A photomultiplier works by ejecting an electron every time a photon hits, and collecting it after it has been accelerated a great length, to knock out more electrons from more plates, and these are accelerated, and so on, until you get a macroscopic current you can measure. The noise comes from random electrons getting ejected from the plate anyway.
The answer is 1. Doing 2,3,5 increases the signal to noise, and doing 4 does nothing to signal to noise, but probably makes the multiplier stop working. The photomultiplier acts by ejecting electrons when photons hit, and decreasing the temperature will prevent electrons from getting ejected thermally randomly.

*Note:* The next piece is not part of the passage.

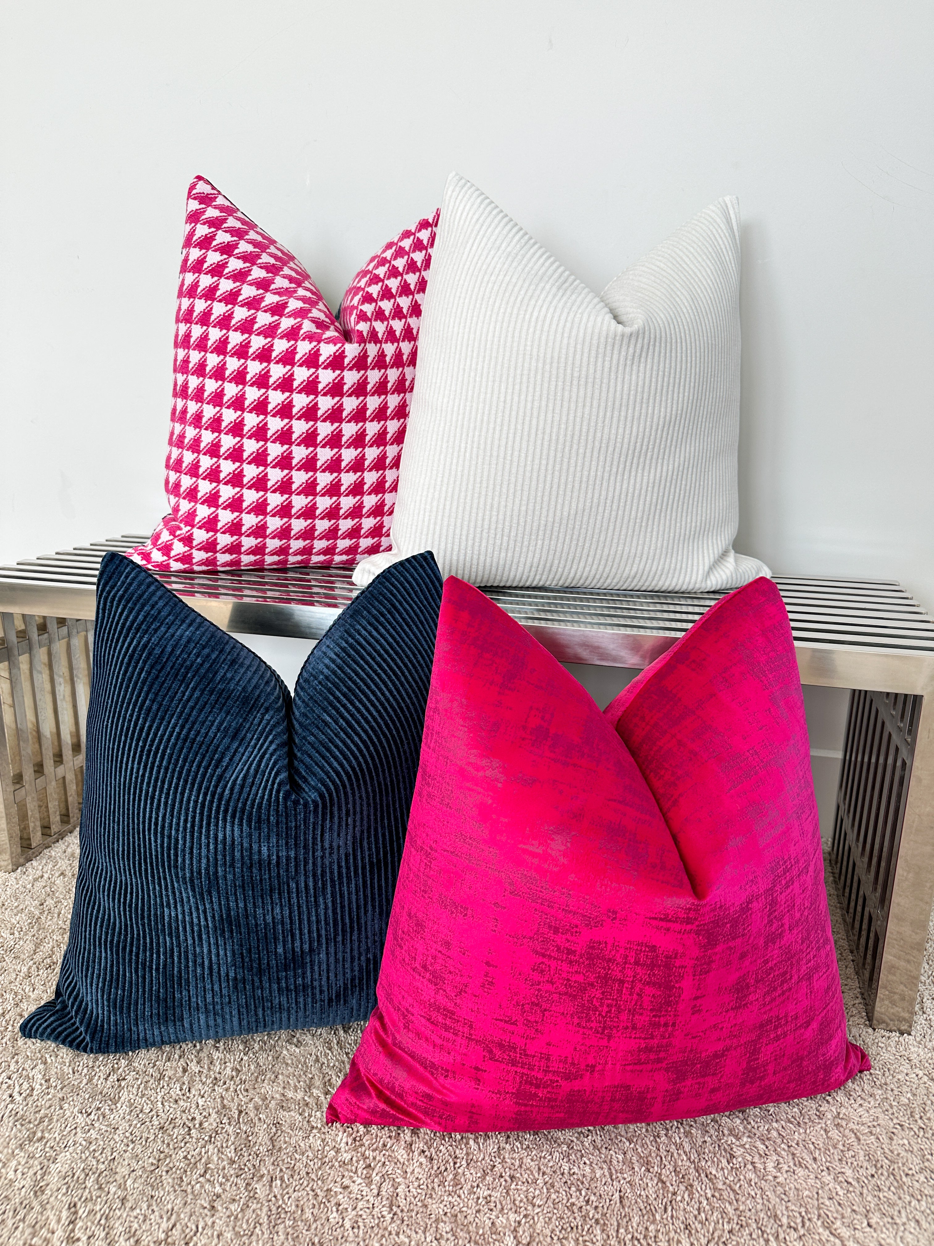 Discover our collection of luxury pillow cover styles, available in a wide range of sizes, colors, and premium fabrics—designed to make finding the perfect finishing touch effortless for any space. Our decorative throw pillow covers come in square, Euro, and lumbar sizes, including 20x20, 22x22, 24x24, 26x26 Euro, 12x18 lumbar, 14x24 lumbar, 14x30 lumbar, and 14x36 lumbar.

Higher voltage will lead to more thermal nucleation, since it will decrease the distance an electron has to go before it is knocked off the plate. Radioactive source is just stupid, you are introducing more noise. A lower "work function" (it's not a function of anything, it's the ionization energy) will mean the electrons have an easier time getting off the metal, so more random electrons ejected.
Option 4 is the only one that requires thinking. It will prevent electrons from reaching the collecting point, but if it doesn't affect the photo-plate it will just change the energy with which the ejected electrons strike, without changing the number of electrons of each type (photon emitted, or thermally emitted). This means it won't affect signal to noise. But it will probably increase signal to noise, because the photomultiplier is already tuned for good signal to noise, so reducing the voltage on the first collection point will perhaps reduce the multiplication to where you won't detect a signal.
Generally these questions are 40 years out of date, and the physics GRE is a joke. I had no idea what a "dynode" is, I guessed from context.